Almost 3 weeks now since I arrived on the island of Skomvaer in the Lofoten. What an adventure and pleasure to be here. Especially the stones and rocks, the ocean and the many islands that rise up from it like steep mountains in all shapes and forms, make a deep impression on me. It is very pristine, rough, vulnerable and real. The rocks on Skomvaer are bursting with silica and quartz. Every corner of the island has its own character, shapes, forms and colors. And I am all over the place, jumping, hopping from rock to rock, crawling in, under and over.
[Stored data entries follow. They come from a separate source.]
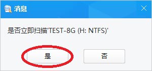 4、弹出对话框,提示“是否扫描TEST-8G(H:NTFS)”,点“是”,软件扫描H分区数据。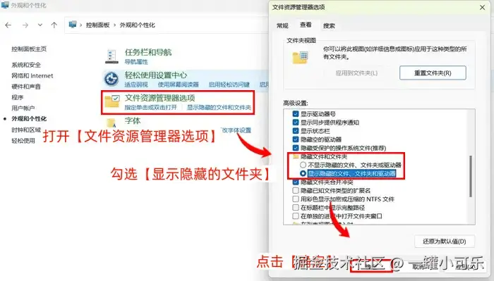 如何取消隐藏文件夹?电脑的控制面板中提供恢复隐藏文件夹的功能,我们可以在控制面板中点击并打开【文件资源管理器】,选择【查看】的选项,勾选【显示隐藏的文件夹】,并点击【确定】即可。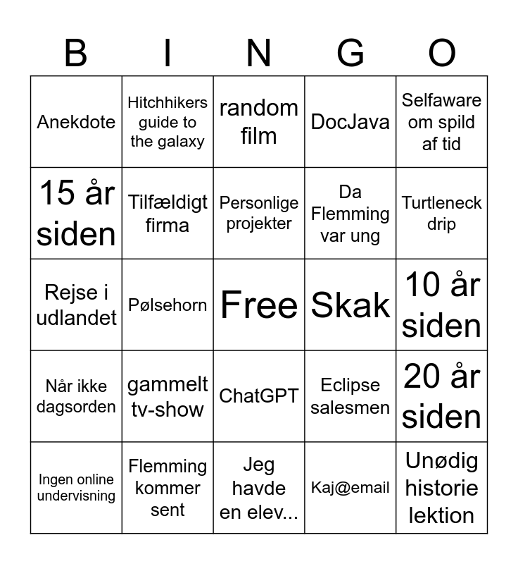This bingo card has a free space and 25 words: gammelt tv-show, Jeg havde en elev..., Personlige projekter, Ingen online undervisning, Selfaware om spild af tid, Anekdote, 15 år siden, Hitchhikers guide to the galaxy, Skak, ChatGPT, Da Flemming var ung, Rejse i udlandet, Eclipse salesmen, 20 år siden, Tilfældigt firma, Brok om tavlen, 10 år siden, random film, Turtleneck drip, Pølsehorn, Unødig historie lektion, Flemming kommer sent, Når ikke dagsorden, DocJava and Kaj@email.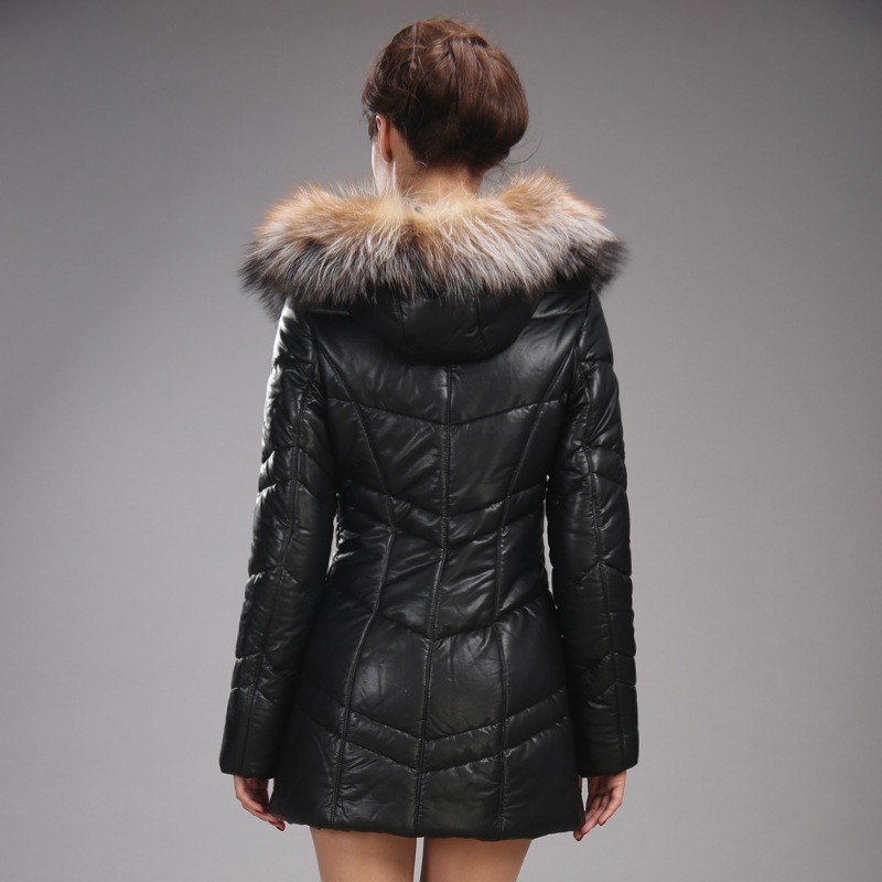 winter fox collar white duck down upgraded PU leather thicken women coat

Sometimes sitting in one place for hours.

 


 
I keep feeling this potent, dormant energy. It feels like that we, the people present on this island, are here to anchor energy, the new energies that are coming in, onto this place and the earth.
 
Maja, a Norwegian artist, shows me this rock she has found. I tune into it, and the word ‘new’ is omnipresent. It activates your whole body, from top to bottom, and bottom to top. This is not about grounding anymore. This is about transparancy, and moving into a new dimension. Beyond time and space, beyond fear.
 

 
There are all kinds of ponds in all sizes and shapes, which are a mikrokosmos in itself. The colors are vibrant. There are cracks in the rocks with enormeous crystals sticking out. And caves with perfectly shaped little pools, sometimes with stones in it. I’ve added one picture of the ‘dragon egg’, incredible rocks, shapes and colors.
 

 
Then there is the lighthouse with huge clear Birmese crystals in the top. Like a pineal gland receiving and shining its light miles and miles around. There is an abundance of seaweed and herbs and flowers which we creatively transform into delicious dishes. The midnight sun makes you sometimes forget you do need to rest sometimes.
 

 

 

 

Photo above: Midnight view from the lighthouse

Yesterday we went to ‘Hell’, that is what they call it here. A cave in a mountain on an island nearby, it has been intriguing me since my arrival. It was rough and tough and magnificent. Apparently people have been using this cave for offerings and rituals for thousands of years.
The longer I’m here, the more I become aware of what an impact we people have on our pristine earth.